DateS: 13-14 September 2018

Venue: Room 408, EEE Building, Imperial College London, South Kensington Campus (No. 16 on Campus Map)

Download the Programme


Speakers

Speakers

Nigel Birch, Engineering and Physical Sciences Research Council, UK

Coming soon...

Gongguo Tang, Colorado School of Mines, USA

Nonconvex Matrix Optimization: Centralized and Distributed Geometry 

Abstract

The past few years have seen a surge of interest in nonconvex reformulations of convex optimizations using nonlinear reparameterizations of the optimization variables. Compared with the convex formulations, the nonconvex ones typically involve many fewer variables, allowing them to scale to scenarios with millions of variables. However, one pays the price of solving nonconvex optimizations to global optimality, which is generally believed to be impossible. In this talk, I will characterize the nonconvex geometries of several low-rank matrix optimizations in both centralized and distributed settings. In particular, I will argue that under reasonable assumptions, each critical point of the nonconvex problems either corresponds to the global optimum of the original convex optimizations, or is a strict saddle point where the Hessian matrix has a negative eigenvalue. Such a geometric structure ensures that many centralized and distributed local search algorithms can converge to the global optimum with random initialisations.

Bio

Dr Gongguo Tang has been an Assistant Professor in the Department of Electrical Engineering at Colorado School of Mines since 2014. He received his PhD in Electrical Engineering from Washington University in St. Louis in 2011. He was a Postdoctoral Research Associate at the Department of Electrical and Computer Engineering, University of Wisconsin-Madison from 2011 to 2013, and a visiting scholar at the University of California, Berkeley, in 2013. Dr Tang's research interests are in the area of optimisation, signal processing and machine learning, as well as their applications in big data analytics, optics, imaging and networks.
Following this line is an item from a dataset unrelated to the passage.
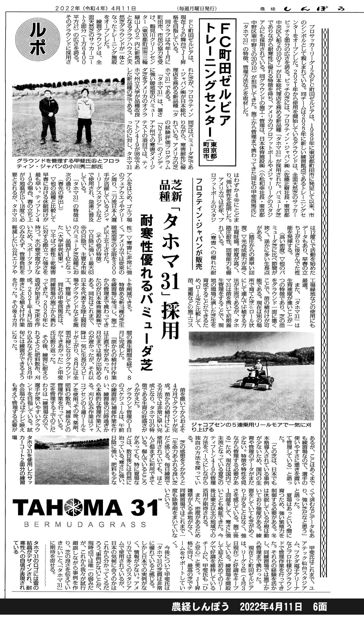 農業や施設、資材、技術に関するアグリビジネス全般の最新ニュースを掲載する「農経しんぽう(2022.04.11.6面)」に、当社でグラウンドの施工と芝生管理を行うFC町田ゼルビア練習場の三輪緑山ベースで導入した『タホマ31』についての記事が掲載されました。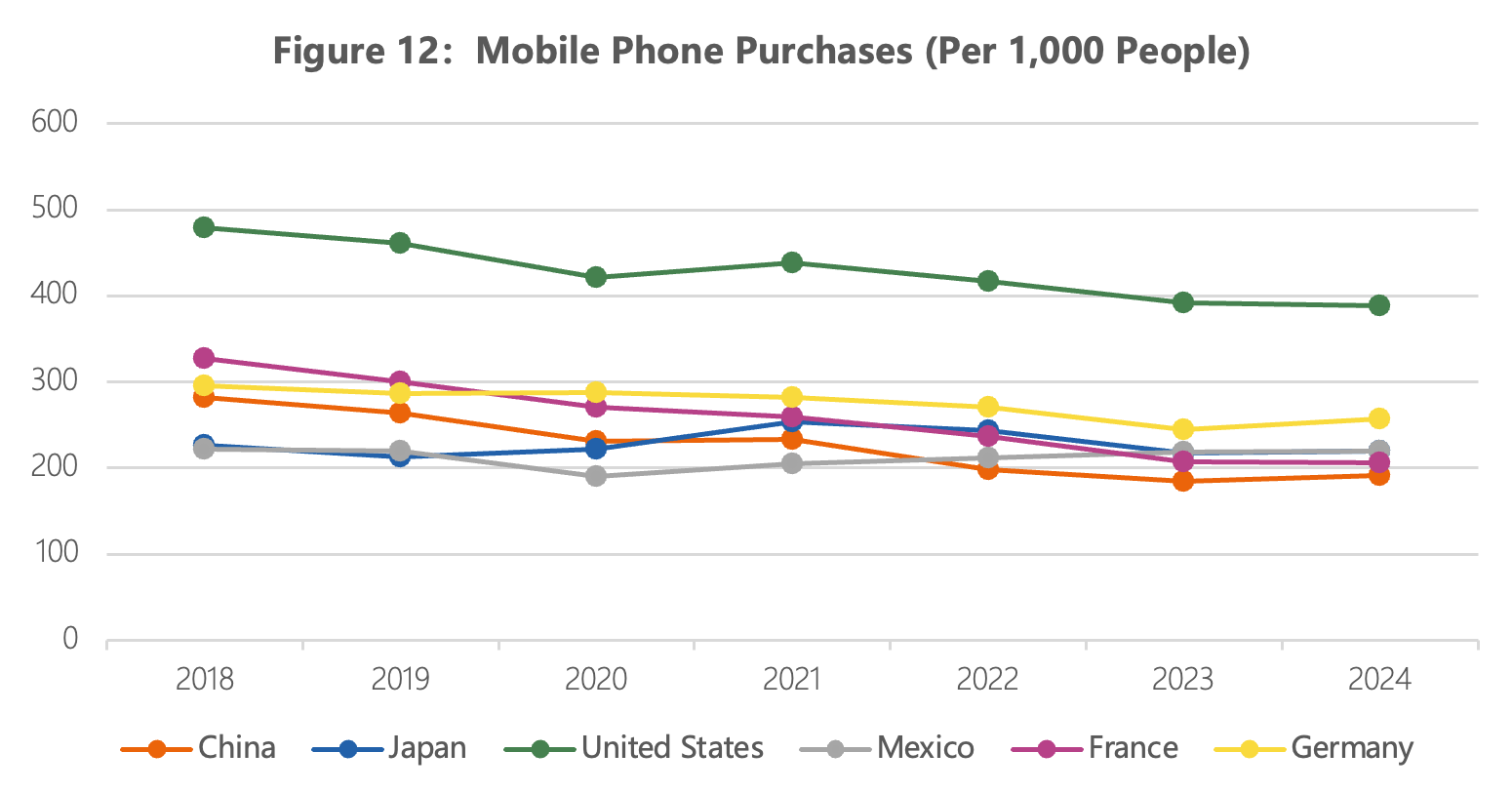 In recent years, the per capita mobile phone purchase volume across various countries has generally shown a downward trend. Mobile phone purchases in China have continuously declined since 282 units per 1,000 people in 2018, with a moderate recovery projected to reach 192 units per 1,000 people by 2024. In 2024, China's mobile phone consumption is slightly lower than that of Germany, France, Japan, and Mexico, but the gap is not significant. The United States has a much higher mobile phone purchase volume per 1,000 people compared to other economies, reaching 388 units per 1,000 people in 2024, which is 1.5 times that of China.

John Wright, Columbia University, USA

Geometry and Symmetry in Short-and-Sparse Deconvolution 

Bio

John Wright is an Associate Professor in the Electrical Engineering Department at Columbia University. He received his PhD in Electrical Engineering from the University of Illinois at Urbana-Champaign in October 2009, and was with Microsoft Research from 2009-2011. His research is in the area of high-dimensional data analysis. In particular, his recent research has focused on developing algorithms for robustly recovering structured signal representations from incomplete and corrupted observations, and applying them to practical problems in imaging and vision. His work has received an number of awards and honors, including the 2009 Lemelson-Illinois Prize for Innovation for his work on face recognition, the 2009 UIUC Martin Award for Excellence in Graduate Research, a 2008-2010 Microsoft Research Fellowship, and the 2012 COLT Best Paper Award (with Wang and Spielman).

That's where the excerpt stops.